Thursday, 13 May 2010
Into the Wild (2007)
Wednesday, 12 May 2010
Trainspotting (1996)
Directed by Danny Boyle
Written by John Hodge
From the novel by Irvine Welsh
Seen on DVD
***
Occasionally a film becomes so part of popular consciousness it defines the decade for those of the relevant age. Trainspotting was that seminal film for those of us leaving high school in the late nineties. Although we were too young to catch it on first release, having seen it gave you instant street-cred, and the poster on your wall was a marker of edgy cool.
A grungy film about drug addicts, with a legendary gross-out toilet scene? I wasn’t really interested, except for the hype - if that many people were talking about it, it was a film that had to be seen sooner or later. Obviously, I chose later. Coming across it on the comedy shelf of the DVD store fourteen years after its release finally made me give it a go.
Mark Renton is a wiry, shaven-headed young heroin addict, with a disparate bunch of mates, most also hooked on various drugs. Following Renton through several attempts to get clean, it becomes apparent his slips are caused by the bizarre code of honour binding him to his so-called friends. Even when seeing them for what they really are, he’s drawn back in, unable to shake his obligations to them.
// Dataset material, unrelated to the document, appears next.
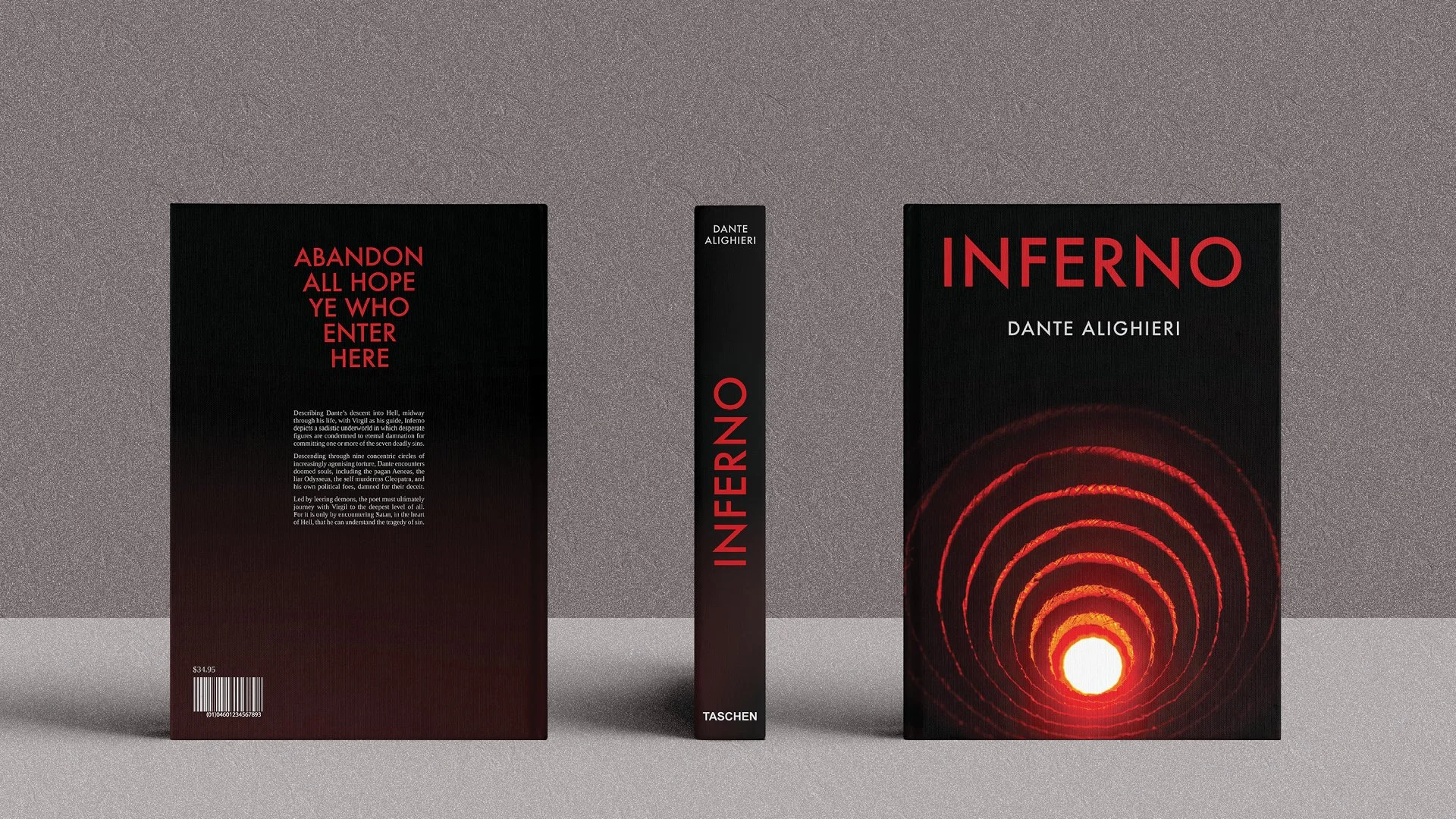 A new book cover design for Dante's epic 14th Century poem 'Inferno'. With Virgil as his guide, Dante journeys down through the nine circles of hell; each circle reserved for the doomed souls who have committed ever more grievous crimes against God.
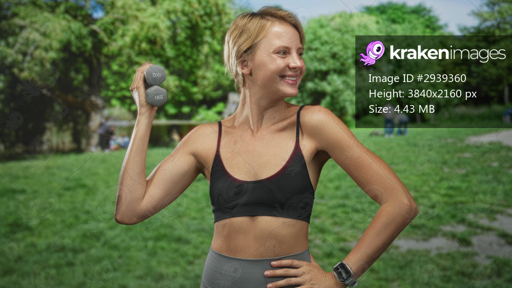 Blond woman lifts dumbbell with bent arm showing bicep in park, smiling and holding weights to chest; wellness joy.

This sense of honour makes Renton’s journey interesting, but it also makes his eventual break from the group more shocking. Although cheering for him to “choose life,” as the film’s tagline goes, his traitorous turn leaves me questioning whether he has really triumphed. Having kicked the habit, and his friends, has Renton really become a better person? Was his characteristic loyalty the price he had to pay, and what sort of person is he going to make without it?
This central, intriguing point is in part supported by the realistically sad stories which affect Renton: the straight friend getting sucked in and consumed by drugs, the tragic baby, the squalor, and the measures everyone must take to ensure constant supply of their drug – but somehow the circus of activity, comic filthiness, and humorous tirades make the important points incidental nuance rather than the focus of the story. This is essential if trying to brand an urban horror tale a comedy, and Danny Boyle’s creative, fast-paced direction and fantastic soundtrack choice show his intention to entertain rather than reflect.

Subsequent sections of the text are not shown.